Hi everyone
Unfortunately ive found myself having to join in here...utterly devastated but i figure this will be the best place to be over the next while.
It took us almost a year to conceive and i fell pregnant in March 2015....we were delighted but it wasnt to be after a bleed at 5-6 weeks my hcg levels began to drop and that was it.
Then at beginning of July we found out i was pregnant again....so happy that we got pregnant so quickly again and crossed our fingers that all would be ok.
Unfortunately not and its been quite a traumatic experience this time around.
I had hcg levels taken from the start which had not completely doubled but almost and the doctors seemed to think they were rising normally. Last wed i started to bleed so i went to a&e where i had a scan and they seen a sac in the uterus but my hcg levels had only doubled in a whole week by then they said i would likely miscarry and to return in 2 days and they would check my levels were dropping.

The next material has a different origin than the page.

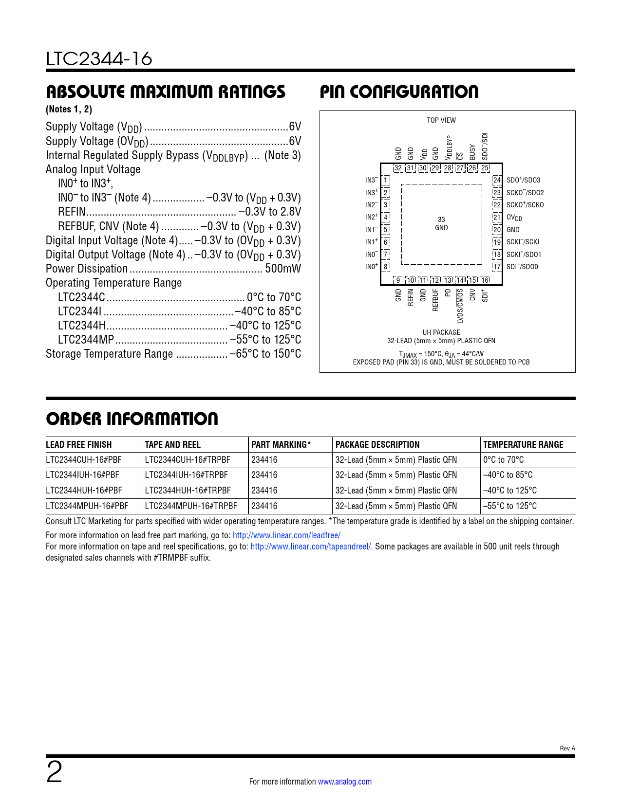 LTC2344-16 ABSOLUTE MAXIMUM RATINGSPIN CONFIGURATION(Notes 1, 2) Supply Voltage (V TOP VIEW DD) ..6V Supply Voltage (OVDD) ..6V – /SDI Internal Regulated Supply Bypass (VDDLBYP) ... (Note 3) GND GND V DD GND V DDLBYP CS BUSY SDO Analog Input Voltage 32 31 30 29 28 27 26 25 IN0+ to IN3+, IN3– 1 24 SDO+/SDO3 IN0– to IN3– (Note 4) .. –0.3V to (V IN3+ 2 23 SCKO–/SDO2 DD + 0.3V) REFIN .. –0.3V to 2.8V IN2– 3 22 SCKO+/SCKO IN2+ 4 21 OV REFBUF, CNV (Note 4) ... –0.3V to (V 33 DD DD + 0.3V) GND IN1– 5 20 GND Digital Input Voltage (Note 4) ... –0.3V to (OVDD + 0.3V) IN1+ 6 19 SCKI–/SCKI Digital Output Voltage (Note 4) .. –0.3V to (OVDD + 0.3V) IN0– 7 18 SCKI+/SDO1 Power Dissipation .. 500mW IN0+ 8 17 SDI–/SDO0 Operating Temperature Range 9 10 11 12 13 14 15 16 LTC2344C .. 0°C to 70°C + PD GND CNV SDI LTC2344I ...–40°C to 85°C REFIN GND CMOS REFBUF LTC2344H .. –40°C to 125°C LVDS/ LTC2344MP ... –55°C to 125°C UH PACKAGE 32-LEAD (5mm × 5mm) PLASTIC QFN Storage Temperature Range .. –65°C to 150°C TJMAX = 150°C, θJA = 44°C/W EXPOSED PAD (PIN 33) IS GND, MUST BE SOLDERED TO PCB ORDER INFORMATION LEAD FREE FINISHTAPE AND REELPART MARKING*PACKAGE DESCRIPTIONTEMPERATURE RANGE LTC2344CUH-16#PBF LTC2344CUH-16#TRPBF 234416 32-Lead (5mm × 5mm) Plastic QFN 0°C to 70°C LTC2344IUH-16#PBF LTC2344IUH-16#TRPBF 234416 32-Lead (5mm × 5mm) Plastic QFN –40°C to 85°C LTC2344HUH-16#PBF LTC2344HUH-16#TRPBF 234416 32-Lead (5mm × 5mm) Plastic QFN –40°C to 125°C LTC2344MPUH-16#PBF LTC2344MPUH-16#TRPBF 234416 32-Lead (5mm × 5mm) Plastic QFN –55°C to 125°C Consult LTC Marketing for parts specified with wider operating temperature ranges. *The temperature grade is identified by a label on the shipping container. For more information on lead free part marking, go to: http://www.linear.com/leadfree/ For more information on tape and reel specifications, go to: http://www.linear.com/tapeandreel/. Some packages are available in 500 unit reels through designated sales channels with #TRMPBF suffix. Rev A 2 For more information www.analog.com Document Outline Features Applications Typical Application Description Absolute Maximum Ratings Order Information Pin Configuration Electrical Characteristics Converter Characteristics Dynamic Accuracy Internal Reference Characteristics Reference Buffer Characteristics Digital Inputs and Digital Outputs Power Requirements ADC Timing Characteristics Typical Performance Characteristics Pin Functions Configuration Tables Functional Block Diagrams Timing Diagram Applications Information Package Description Revision History Typical Application Related Parts

I started to get severe pain on one side...excruitiating pain and was admitted to hospital after lots of scans and bloods they decided it was most certainly ectopic and i was rushed to theatre ...and they found nothing...everything looked fine and sent me home to see what would happen.
Today ive passed the sac myself 
I really dont know how i can move on from this. We are very lucky to have a beautiful child and i feel so guilty when theres ladies out there struggling who dont even have this but i just cant get another baby out of my head.
In one way i want to start trying again immediately (if im allowed after the operation) and at least then (cant even believe im saying this) that if i have another mc ill have had 3 and then they will do something about it....but in another mind i dont even want to try again because im just not sure i can go through it all again...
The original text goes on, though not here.